|Product type Motion picture exhibition|
Owner The Walt Disney Company
Introduced June 23, 2005; 11 years ago (June 23, 2005)
Disney Digital 3-D is a brand name used by The Walt Disney Company to describe three-dimensional films made and released by Walt Disney Studios Motion Pictures mostly under the Walt Disney Pictures label and shown exclusively using digital projection.
Disney Digital 3-D in itself is not a presentation or a production format or technology, but rather a purely marketing concept. Films advertised as Disney Digital 3-D come from a number of sources, film, digital camera as well as animation software, and can be presented using any digital 3D technology, including RealD, Dolby 3D, XpanD 3D and MasterImage 3D. There is no specific handling involved.
Pre-2005 Disney 3-D films
Disney had previously released two 3-D animated shorts in 1953, Adventures in Music: Melody, the first American 3-D animated short, and Working for Peanuts, starring Donald Duck and Chip 'n' Dale.
Disney also produced 3-D films for its theme parks, including Disneyland's 3D Jamboree (1956), featuring the Mickey Mouse Club Mouseketeers and including Melody and Working for Peanuts; Magic Journeys (1982), Captain EO (1986), Muppet*Vision 3D (1991), Honey, I Shrunk the Audience (1994), It's Tough to Be a Bug! (1998), the film portion of Tokyo DisneySea's Magic Lamp Theater, and Mickey's Philharmagic (2003).
Between 2003 and 2005, Dimension Films (then-owned by The Weinstein Company) had made a couple of 3-D films. Two of them were Spy Kids 3-D: Game Over and The Adventures of Sharkboy and Lavagirl.
Post-2005 Disney 3-D films
The first Disney Digital 3D film was Chicken Little, which was released in late 2005. For the release, Disney collaborated with RealD to install RealD's 3D digital projection system featuring Christie CP2000 2K DLP projectors along with silver screens for 84 screens in US theaters.
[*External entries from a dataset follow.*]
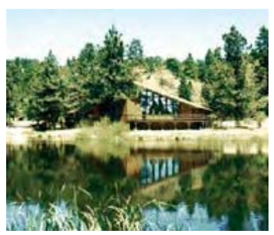
Pinecrest Christian Conference Center

Missionaries to Ministers is a ministry aimed at helping the minister and his or her family in the areas of pornography, sexual addiction, boundaries, and relational issues. We help to create a restoration process that is productive, lasting, and fruitful and speak from our own experiences and recovery. Individual and couple's counseling is provided in person, via phone, or virtual (iChat, Skype) sessions. M2M is available to educate pastors and churches on these very important and relevant issues.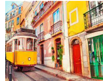
Globalaw Annual Members Meeting (GLAMM) Lisbon, Portugal 25 – 28 October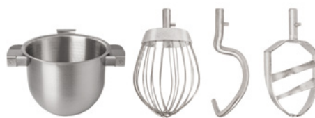
15升搅拌缸配件, 不锈钢材质 15 litre bowl, whip, hook and beater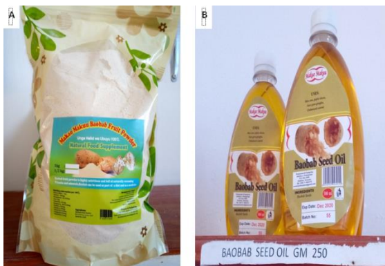
Plate 1. Processed baobab products in Central Tanzania: (A) Baobab powder extracted from fruit pulp, (B) Baobab oil extracted from seed.

In protected areas, elephants utilize baobab, especially in times of resource inadequacy (Owen-Smith, 1988; O'Connor et al. , 2007; Hayward and Zawadzka, 2010; Biru and Bekele, 2012). A study by Barnes et al. (1994) found that baobab densities declined due to elephant browsing in Ruaha National Park. Baobab trees were also slightly affected for the same reasons in Lake Manyara in 1969 and 1981 (Owen-Smith, 1988). During this period, only 13% of the trees remained undamaged, but the annual tree mortality stood at 1% per annum (Owen-Smith, 1988). There is a need to conduct a study on the impact of elephants on baobab population structure in protected areas.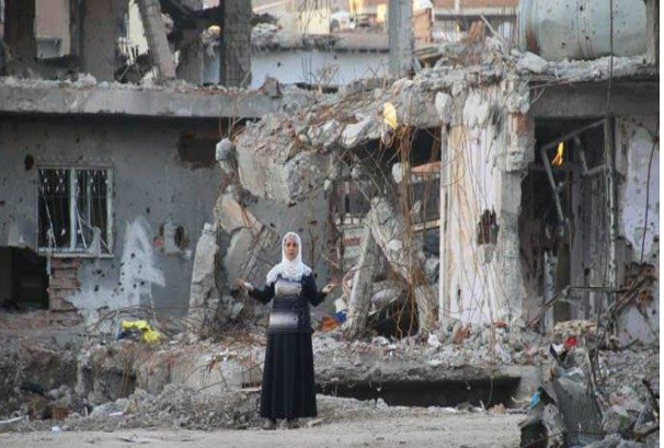
<u>Turkish journalist</u>: Renowned Turkish journalist Cengiz Candar likened what happened in Cizre to the situation in Dresden after it was bombed in 1945 towards the end of the war: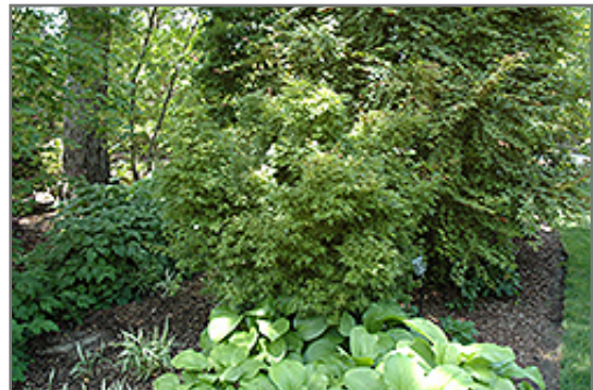
Bonfire Japanese Maple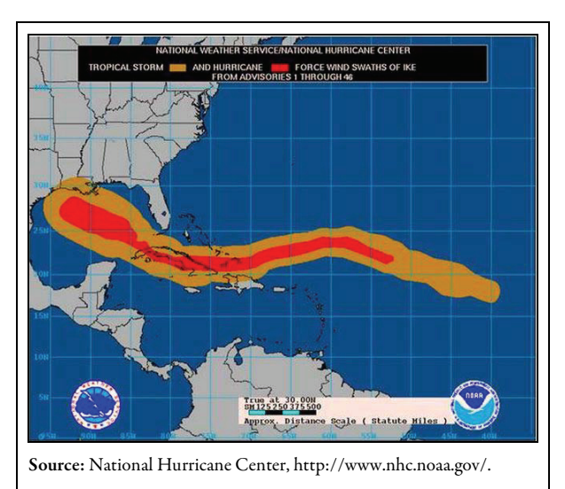
Figure 2. Tropical Storm and Hurricane Wind History of Hurricane Ike, 2008

Although no specific reports are available, Cuba's citrus juice processing facilities in Jagüey Grande in western Matanzas province almost certainly sustained major damage from Hurricane Ike. The Cuban government reported that its large fruit processing facility in Ciego de Avila in central Cuba was severely damaged by the storm. These developments will detri-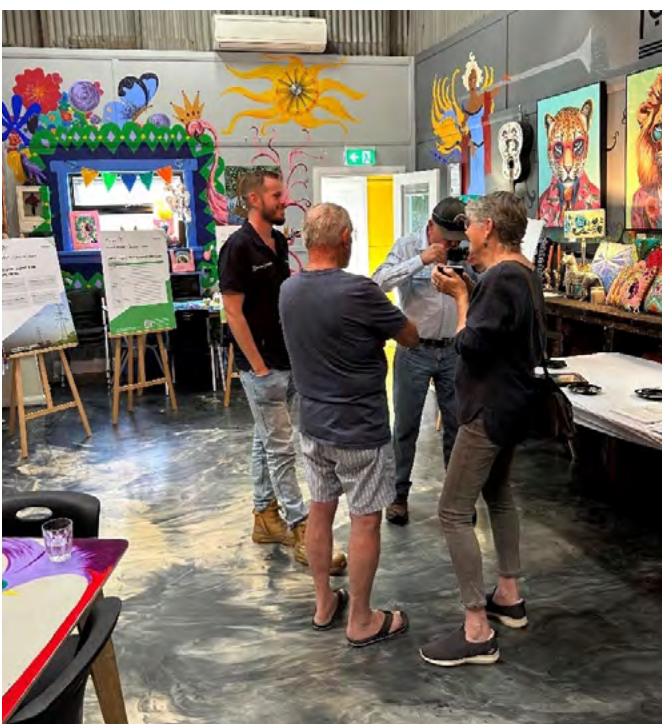
Yass community information drop-in session at Tootsie Gallery Cafe

For more information or to talk to a member of our team, please contact us on 1800 317 367 or community@humelinkeast.com.au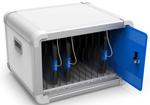
DeskCabby Front Open

* Compatible with devices charged by USB only.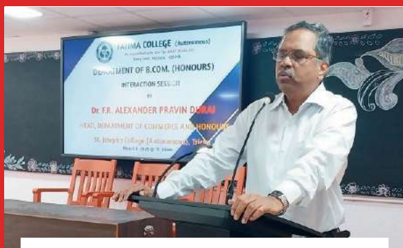
GUEST LECTURE ON ACCA ACCOMPLISHMENT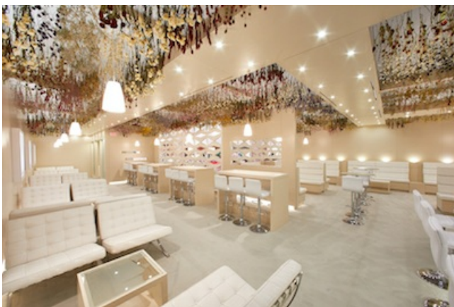
NetJets' Art Basel Miami lounge.

Art Basel's Hong Kong, Miami and Basel, Switzerland iterations have brought out partners such as Audemars Piguet, La Prairie and BMW. These brands show fairgoers and VIPs hospitality through artistic installations or shuttle services.

The computer-animated film Chicken Little was followed by a re-release of The Nightmare Before Christmas on October 20, 2006. Nightmare, a 1993 stop motion movie, was originally shot in 2D on 35mm-film with the 3D version generated by Industrial Light and Magic from this source using computer technology.
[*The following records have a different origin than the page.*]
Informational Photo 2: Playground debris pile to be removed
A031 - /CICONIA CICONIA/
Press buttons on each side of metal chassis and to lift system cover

In 2007, Disney re-released the film Working for Peanuts with the theatrical release of the 3D version of Meet the Robinsons.
The first live-action Disney Digital 3-D release was Hannah Montana & Miley Cyrus: Best of Both Worlds Concert, which followed in 2008. In 2009, G-Force became the first film in Disney Digital 3-D from producer Jerry Bruckheimer.
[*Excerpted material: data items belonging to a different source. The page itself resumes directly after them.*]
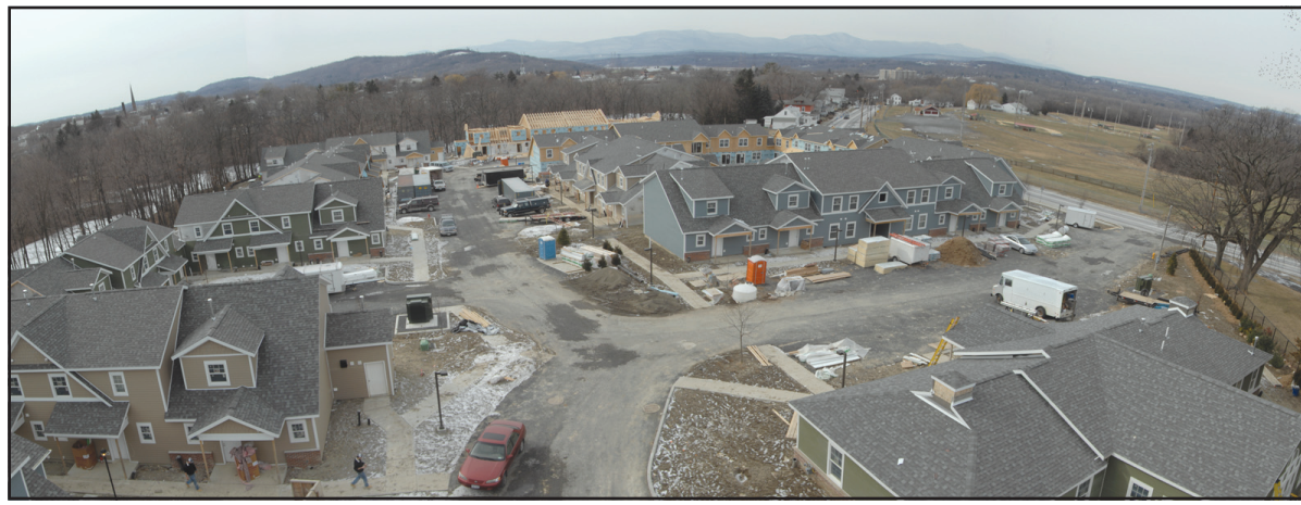
Aerial of the Crosswinds at Hudson project, Hudson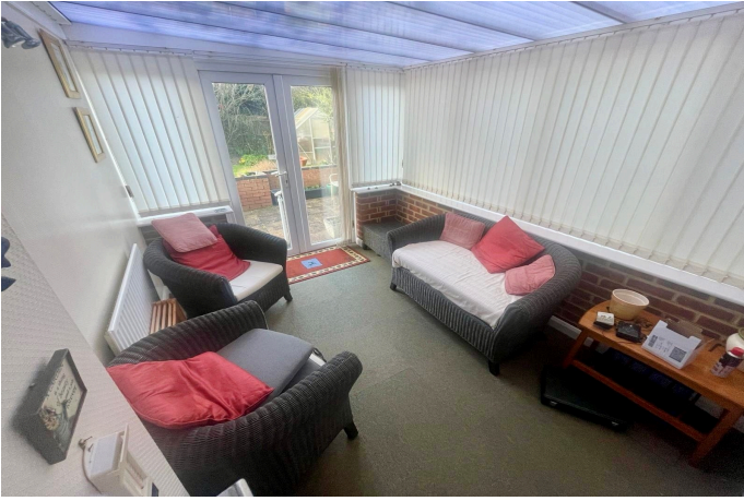
20A Kendal Close, Boothville, Northampton NN3 6WJ £325,000 Freehold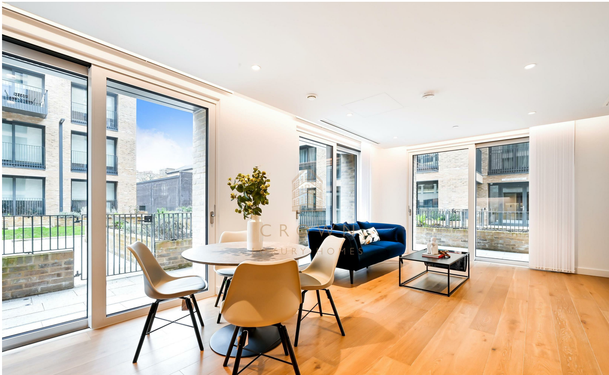
4 Signature House 4 Jubilee Walk, London, WC1X 0BF £1,000,000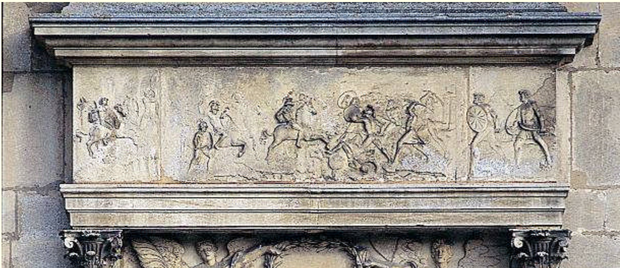
A detailed part of the front door of the Renaissance Castle of Joinville.

Association des amis du Château Lafauche Tel. +33 (0)3 25 31 57 83 www.chateau-lafauche.com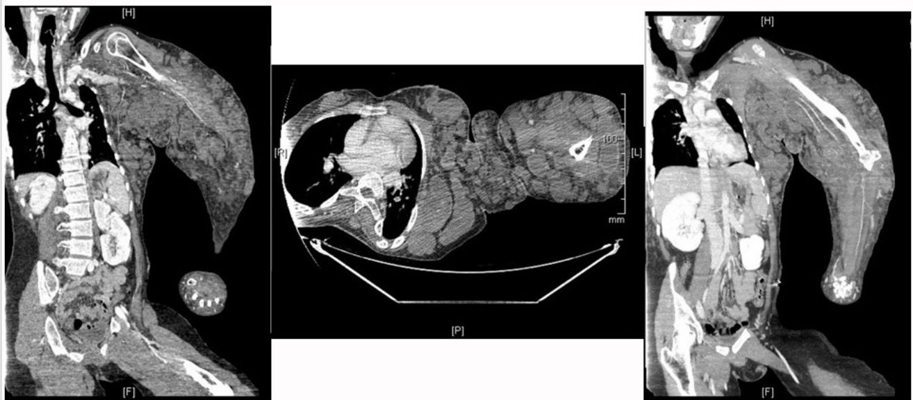
Figure 2. Excessive growth of the tissues of the left upper limb, resulting in gigantism and compression of the chest wall

Blood investigations showed leucocytosis, normocytic, normochromic anaemia (Hb 11.9 g/dl) and elevated D-dimers (4029 ng/ml). Doppler echocardiography of the vessels in the arm showed multiple tortuous varicose structures with phenomena of significant thrombosis; angio-CT revealed a subclavian vein slightly enlarged, with occlusion of the left brachiocephalic venous trunk and the internal jugular vein. Signs of lymphoedema were observed distally. A small deformation of the long bones was seen, with slightly irregular contours. The patient was admitted and anticoagulation with enoxaparin in therapeutic doses was started, with improvement in his condition.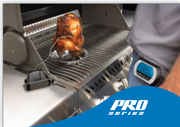
Wireless Digital Thermometer 70006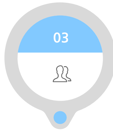
Gen AI Expertise

Only GSI Partner with Opsera – Up to 25X faster Migration, 100s of Dashboards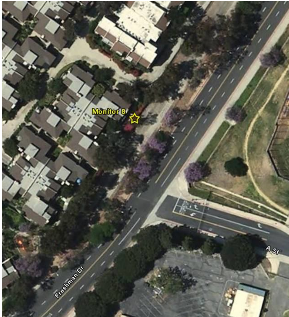
Figure 2: Noise Monitor Location

Monitor 8 is located near Building 15 in the south end of the Lakeside Villas complex, directly next to the property wall that separates the Building 15 pathway from the LADWP spillway. Prior to construction activity, the primary noise sources in this area were residential activity, landscaping equipment and lawnmowers, airplanes, athletic activity on the baseball field, and traffic noise from Freshman Drive and A Street.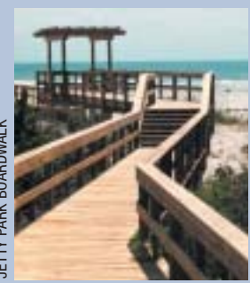
JETTY PARK BOARDWALK

March 6, 2002 Sterling Casino Lines surpassed its two-millionth-passenger mark. Sterling's Ambassador II was hailed as the "World's Largest Casino Ship."

On May 29, 2009, Disney released Pixar's Up, the first Pixar film to be presented in 3D. This film was then followed by a 3D double feature re-release of Toy Story and Toy Story 2 on October 2, 2009, although neither of these films' animation was altered. Subsequent Pixar films, such as Toy Story 3 and Cars 2, were also released in Disney Digital 3D.
Two of Disney's traditionally animated films were reissued with 3D conversions in 2011, The Lion King – released on August 26 internationally and on September 16 in North America - and Beauty and the Beast – limited to 13-day run in September at the El Capitan Theater in Los Angeles for North America, as well as short runs in New Zealand, Japan, Australia, India and Spain in 2010. These re-releases were being supervised by Don Hahn, who produced both films. Beauty and the Beast in 3D received a wider release in January 13, 2012. Two more films were reissued in 3D in 2012, Finding Nemo in September 14, 2012 and Monsters, Inc. in December 19, 2012. The Little Mermaid was going to be re-released in 3D September 13, 2013 but this one was cancelled due to the under-performances of the other Disney 3D re-releases.
Disney has released films from Marvel Studios and Lucasfilm in the 3D format, beginning with The Avengers (2012) and Star Wars: The Force Awakens (2015), respectively. However, the 3D format was not branded as "Disney".